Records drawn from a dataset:
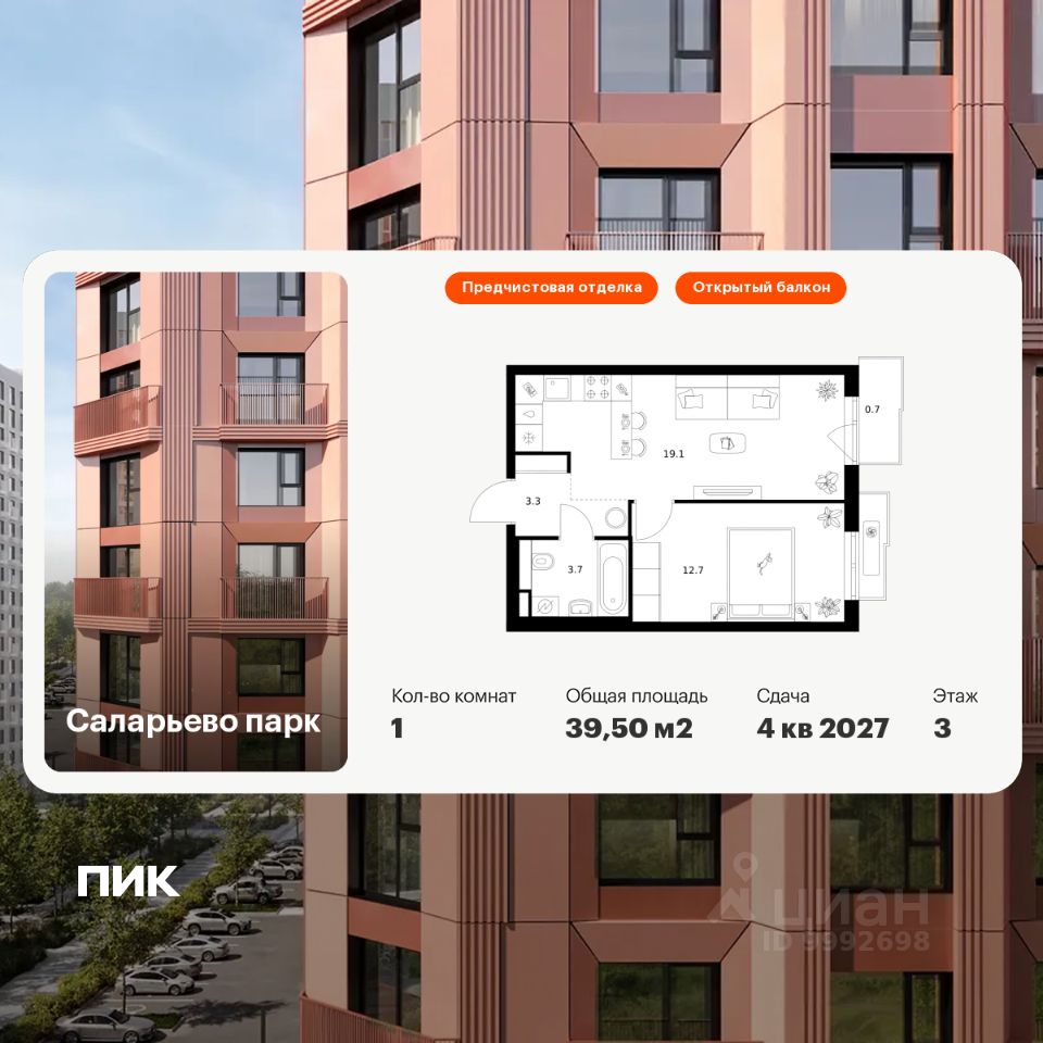 Продаётся 1-комн. квартира площадью 39,5 кв.м на 3 этаже 14 этажного дома (Корпус 57.5, Секция 5) проекта ПИК Саларьево парк. Светлый просторный подъезд на уровне земли, функциональная планировка, большие окна, предчистовая отделка.
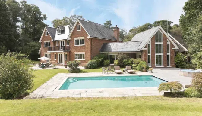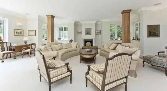 Described as a “generous and welcoming” residence, the mansion boasts eight spacious bedrooms, seven bathrooms, and even an outdoor swimming pool.
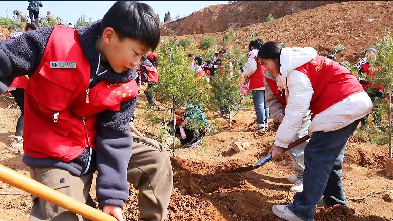 在主会场坡头乡韩家坑村上洼钾长石义务植树点,大家热情高涨,分工协作,扶正树苗、挥动铁锹、铲土入坑、灌溉浇水,有条不紊地完成植树各个工序,呈现出一派热火朝天的景象。经过一番辛勤劳作,一株株树苗稳稳扎根土壤,在春风中昂然挺立,焕发出勃勃生机。
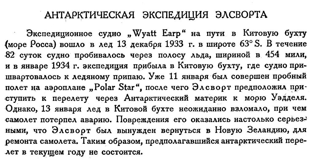 Экспедиционное судно „Wyatt Earp“ на пути в Китовую бухту (море Росса) вошло в лед 13 декабря 1933 г. в широте 63° S. В течение 82 суток судно пробивалось через полосу льда, шириной в 454 мили, и в январе 1934 г. экспедиция прибыла в Китовую бухту, где судно пришвартовалось к ледяному припаю. Уже 11 января был совершен пробный полет на аэроплане „Polar Star", после чего Элсворт предположил приступить к перелету через Антарктический материк к морю Уэдделя. Однако, 13 января лед в Китовой бухте неожиданно взломало, при чем самолет потерпел аварию. Повреждения его оказались настолько серьезными, что Элсворт был вынужден вернуться в Новую Зеландию, для ремонта самолета. Таким образом, предполагавшийся антарктический перелет в текущем году не состоится.
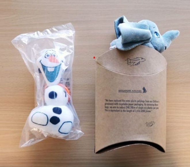 お子様向けのおもちゃの包装にプラスチック袋の使用を廃止し、再生紙を使用しています。またシンガポール航空グループのスクートでは、2020年12月から機内で提供するペットボトルの水を、主に紙やFSC認証記号*を受けた素材で作られた包装のものに変更して提供しています。
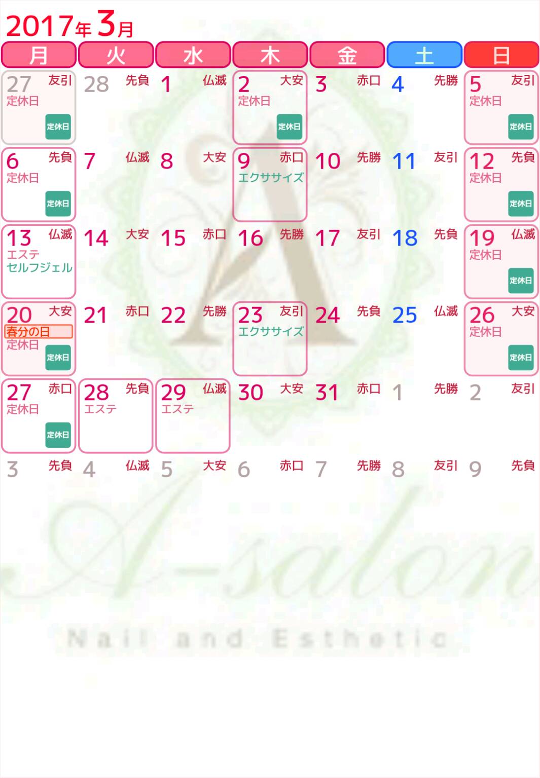 MENU トップページ インフォメーション エステ(フェイシャル&ボディ) ブライダル 高速脱毛&まつ毛カール お問い合わせ アクセス yoga&exercise Facebook Instagram BLOG INFORMATIONお知らせ 2017/02/04(土) 15:59 3月のお休み&講座スケジュール 2月はバレンタイン☆ サロンも心ばかりのプチギフトご準備しております(*´∀`) 3月のおやすみ&講座の日程ご覧下さい。 ご予約お待ちしております!

▸ **Goal of the exercise**:
Omitting the images, transcribe every record exactly.

▸ **Result of the task**:
 Продаётся 1-комн. квартира площадью 39,5 кв.м на 3 этаже 14 этажного дома (Корпус 57.5, Секция 5) проекта ПИК Саларьево парк. Светлый просторный подъезд на уровне земли, функциональная планировка, большие окна, предчистовая отделка.
 Described as a “generous and welcoming” residence, the mansion boasts eight spacious bedrooms, seven bathrooms, and even an outdoor swimming pool.
 在主会场坡头乡韩家坑村上洼钾长石义务植树点,大家热情高涨,分工协作,扶正树苗、挥动铁锹、铲土入坑、灌溉浇水,有条不紊地完成植树各个工序,呈现出一派热火朝天的景象。经过一番辛勤劳作,一株株树苗稳稳扎根土壤,在春风中昂然挺立,焕发出勃勃生机。
 Экспедиционное судно „Wyatt Earp“ на пути в Китовую бухту (море Росса) вошло в лед 13 декабря 1933 г. в широте 63° S. В течение 82 суток судно пробивалось через полосу льда, шириной в 454 мили, и в январе 1934 г. экспедиция прибыла в Китовую бухту, где судно пришвартовалось к ледяному припаю. Уже 11 января был совершен пробный полет на аэроплане „Polar Star", после чего Элсворт предположил приступить к перелету через Антарктический материк к морю Уэдделя. Однако, 13 января лед в Китовой бухте неожиданно взломало, при чем самолет потерпел аварию. Повреждения его оказались настолько серьезными, что Элсворт был вынужден вернуться в Новую Зеландию, для ремонта самолета. Таким образом, предполагавшийся антарктический перелет в текущем году не состоится.
 お子様向けのおもちゃの包装にプラスチック袋の使用を廃止し、再生紙を使用しています。またシンガポール航空グループのスクートでは、2020年12月から機内で提供するペットボトルの水を、主に紙やFSC認証記号*を受けた素材で作られた包装のものに変更して提供しています。
 MENU トップページ インフォメーション エステ(フェイシャル&ボディ) ブライダル 高速脱毛&まつ毛カール お問い合わせ アクセス yoga&exercise Facebook Instagram BLOG INFORMATIONお知らせ 2017/02/04(土) 15:59 3月のお休み&講座スケジュール 2月はバレンタイン☆ サロンも心ばかりのプチギフトご準備しております(*´∀`) 3月のおやすみ&講座の日程ご覧下さい。 ご予約お待ちしております!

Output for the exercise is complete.